I wanted to vomit. The fear was no longer in its cage. It had walked free, just like Sherman.
"Forgive me if that doesn't really give me the warm fuzzies," I said.
"I assure you. I can manage him." He took my card. He looked more closely at my face, no doubt noticing the dark circles under my eyes. "Has he done something to you? Threatened you?"
I threw a glance back to Sherman. He was standing at the counsel table, looking at me with murder in his eyes. I almost pissed myself.
I hurried out, ignoring the reporters and photographers taking my photograph and asking me for comment on the case. Instead of giving them the tale of triumph they wanted, I paid for a cab to my shithole of an apartment, ran upstairs, and locked myself inside. I collapsed against the door. The shudders racked me as I cried. I cried for so long that I began dry heaving. I hadn't eaten in days. The fear wouldn't let me.
I hid for a week. The terror didn't abate, even though I knew I'd done what I had to do. Every footstep in the hallway, every yell on the street below-I just knew it was Sherman. He was coming for me. He was going to do to me what he'd done to that poor woman, the same bloodletting, the same desecration. I had no one to turn to. I was utterly alone.
A knock at my door was like a gunshot to my ears. I wanted to hide under my bed or jump from the fire escape.
"Ms.

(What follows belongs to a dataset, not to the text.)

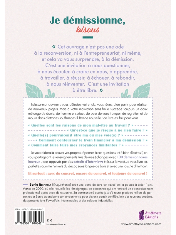 « Cet ouvrage n’est pas une ode à la reconversion, ni à l’entrepreneuriat, ni même, et cela va vous surprendre, à la démission. C’est une invitation à nous questionner, à nous écouter, à croire en nous, à apprendre, à travailler, à réussir, à échouer, à rebondir, à nous réinventer. C’est une invitation à être libre. » Laissez-moi deviner : vous détestez votre job, vous rêvez d’en partir pour réaliser de nouveaux projets, mais à votre motivation sans faille succède toujours un doux mélange de doute, de flemme et surtout, de peur de vous tromper, de regretter et de mourir dans d’atroces souffrances ? Bonne nouvelle : ce livre est fait pour vous. « Quelles sont les raisons de mon mal-être au travail ? », « Qu’est-ce que je risque à ne rien faire ? », « Quelle(s) pourrai(en)t être ma ou mes voie(s) ? », « Comment contourner le frein financier à ma démission ? », « Comment faire taire mes croyances limitantes ? » Je vous aiderai à trouver vos propres réponses à ces questions (et à bien d’autres !) en vous partageant les enseignements tirés de mes échanges avec 100 démissionnaires heureux, tous appuyés par des extraits d’interviews triés sur le volet. Je vous livre les paillettes comme l’envers du décor, sans langue de bois et avec une touche d’humour. Et surtout : avec du concret, encore du concret et toujours du concret !Benyahia Sonia Voir moins

Pallida, it's Leon DiSalvo, from the courthouse."
It was the voice of an old man-the white-haired grampa. How did he find me?
"I called your office, but your voice mail is full. I stopped by, but the man who owns the building said he hasn't seen you in a week. I'm sorry to say he plans to kick you out on Friday."
"Shit." I rose and went to the door. The old man wasn't a threat. I didn't open up, though. Even if the pope was on the other side of the door, I wouldn't have opened. Sherman could have been hiding in His Holiness's skirt for all I knew, waiting to get me. "I'm here. What do you want?"
"I want you to know that Sherman will no longer be bothering you or anyone."
I guffawed, though it sounded more like a shriek. "Okay." Sure.
"No, I mean it, Ms. Pallida. He's been dealt with. I don't take kindly to my staff making threats against officers of the court." His voice was cold, hard, no longer the friendly grampa.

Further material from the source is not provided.